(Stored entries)
-- -- --

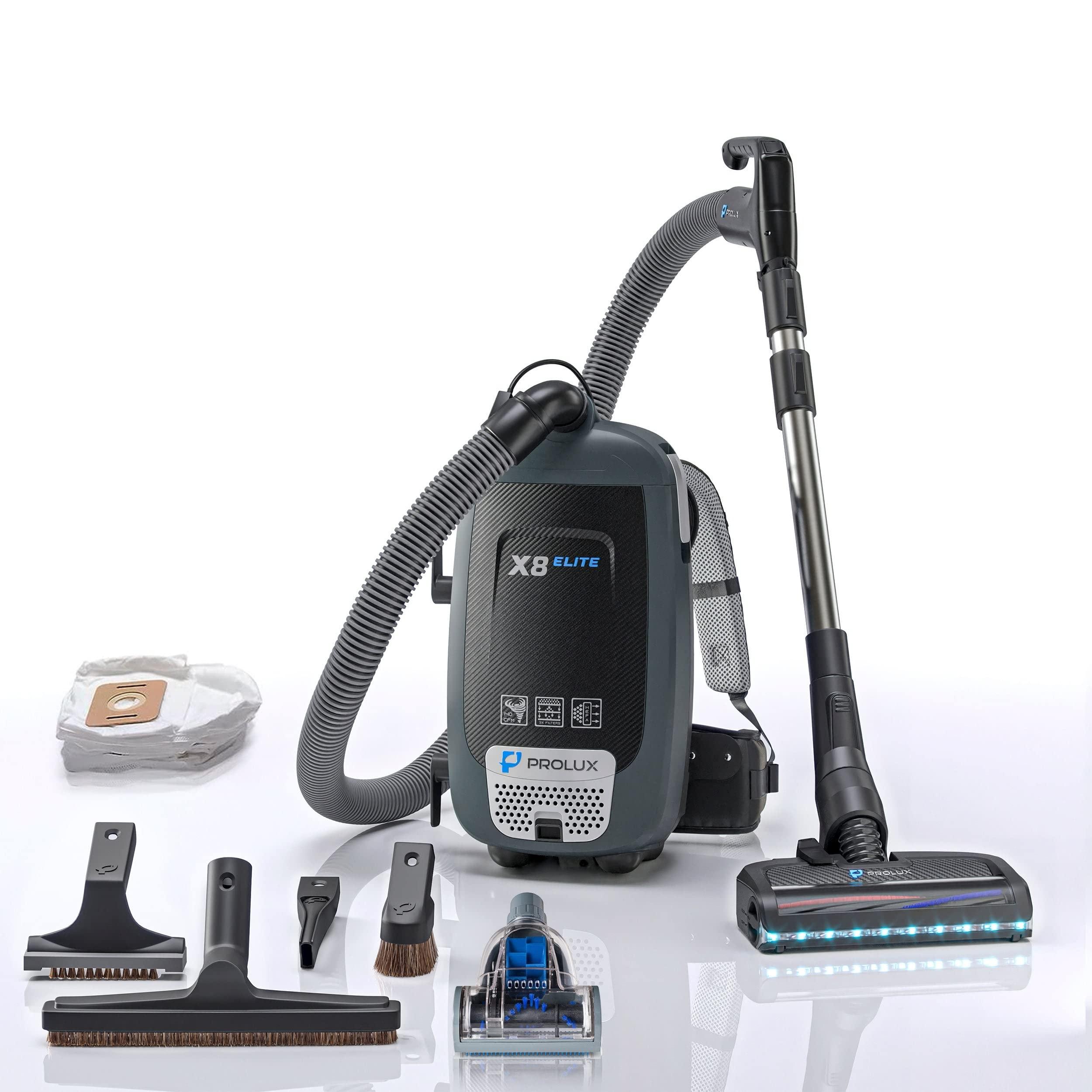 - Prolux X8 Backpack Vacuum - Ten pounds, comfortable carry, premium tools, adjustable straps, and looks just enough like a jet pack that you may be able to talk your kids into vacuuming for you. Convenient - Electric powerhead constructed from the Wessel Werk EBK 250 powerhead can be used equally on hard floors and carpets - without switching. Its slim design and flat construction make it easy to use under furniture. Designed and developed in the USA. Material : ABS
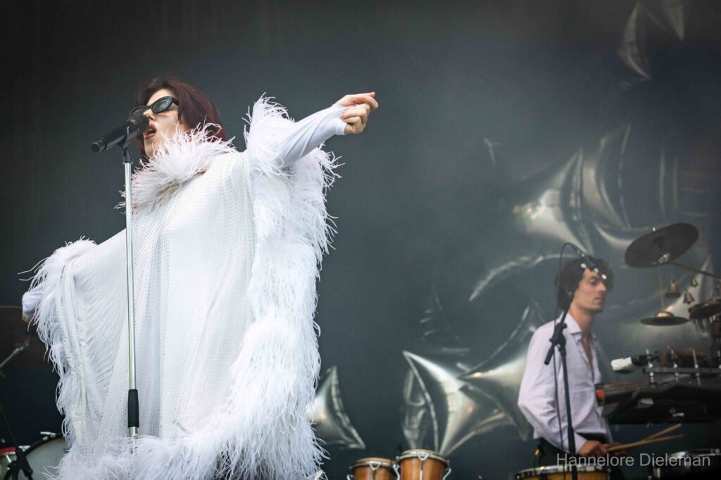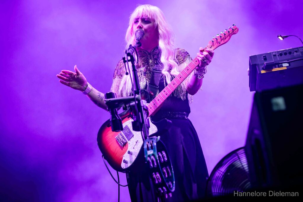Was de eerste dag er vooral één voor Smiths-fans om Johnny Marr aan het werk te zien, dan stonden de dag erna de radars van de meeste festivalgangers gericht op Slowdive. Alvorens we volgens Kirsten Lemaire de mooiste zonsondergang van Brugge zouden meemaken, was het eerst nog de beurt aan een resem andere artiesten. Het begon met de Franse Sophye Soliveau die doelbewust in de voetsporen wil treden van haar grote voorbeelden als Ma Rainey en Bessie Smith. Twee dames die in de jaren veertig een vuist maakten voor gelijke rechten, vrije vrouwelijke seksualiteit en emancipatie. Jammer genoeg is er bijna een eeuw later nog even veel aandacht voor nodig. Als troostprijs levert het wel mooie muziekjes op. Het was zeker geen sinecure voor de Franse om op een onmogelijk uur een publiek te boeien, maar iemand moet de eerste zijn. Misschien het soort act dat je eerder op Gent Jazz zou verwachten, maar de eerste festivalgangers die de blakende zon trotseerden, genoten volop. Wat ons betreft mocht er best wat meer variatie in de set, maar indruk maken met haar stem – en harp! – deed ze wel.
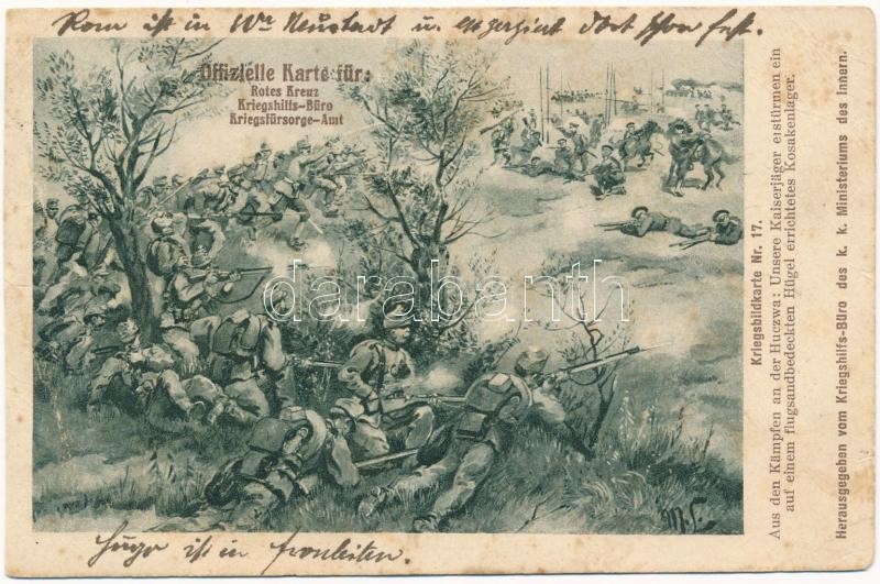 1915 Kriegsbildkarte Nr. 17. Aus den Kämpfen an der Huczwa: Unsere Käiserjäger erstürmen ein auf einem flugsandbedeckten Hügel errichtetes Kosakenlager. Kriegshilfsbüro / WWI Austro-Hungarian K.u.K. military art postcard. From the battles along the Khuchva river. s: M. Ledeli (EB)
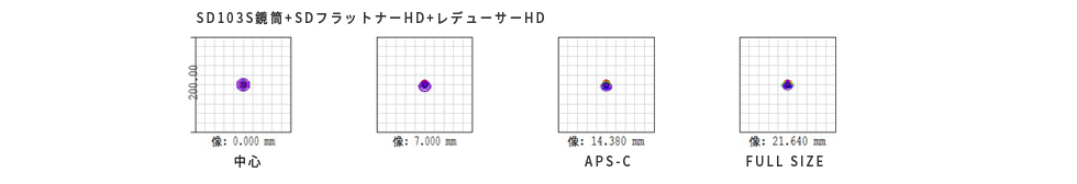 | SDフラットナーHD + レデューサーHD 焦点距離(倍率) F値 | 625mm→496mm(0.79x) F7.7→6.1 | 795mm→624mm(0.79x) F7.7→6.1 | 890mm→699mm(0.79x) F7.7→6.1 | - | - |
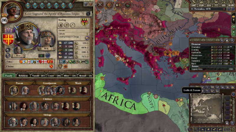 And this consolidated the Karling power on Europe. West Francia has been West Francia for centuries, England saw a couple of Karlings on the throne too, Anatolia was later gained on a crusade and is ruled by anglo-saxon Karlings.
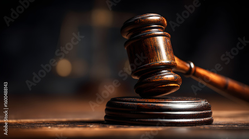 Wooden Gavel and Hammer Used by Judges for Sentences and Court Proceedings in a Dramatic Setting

-- -- --

[WHAT YOU WILL DO] Repeat exactly the lines above, starting at the one that contains "And this consolidated" and stopping at the last line of the entries, and leave out the pictures.

[RESULT]
 And this consolidated the Karling power on Europe. West Francia has been West Francia for centuries, England saw a couple of Karlings on the throne too, Anatolia was later gained on a crusade and is ruled by anglo-saxon Karlings.
 Wooden Gavel and Hammer Used by Judges for Sentences and Court Proceedings in a Dramatic Setting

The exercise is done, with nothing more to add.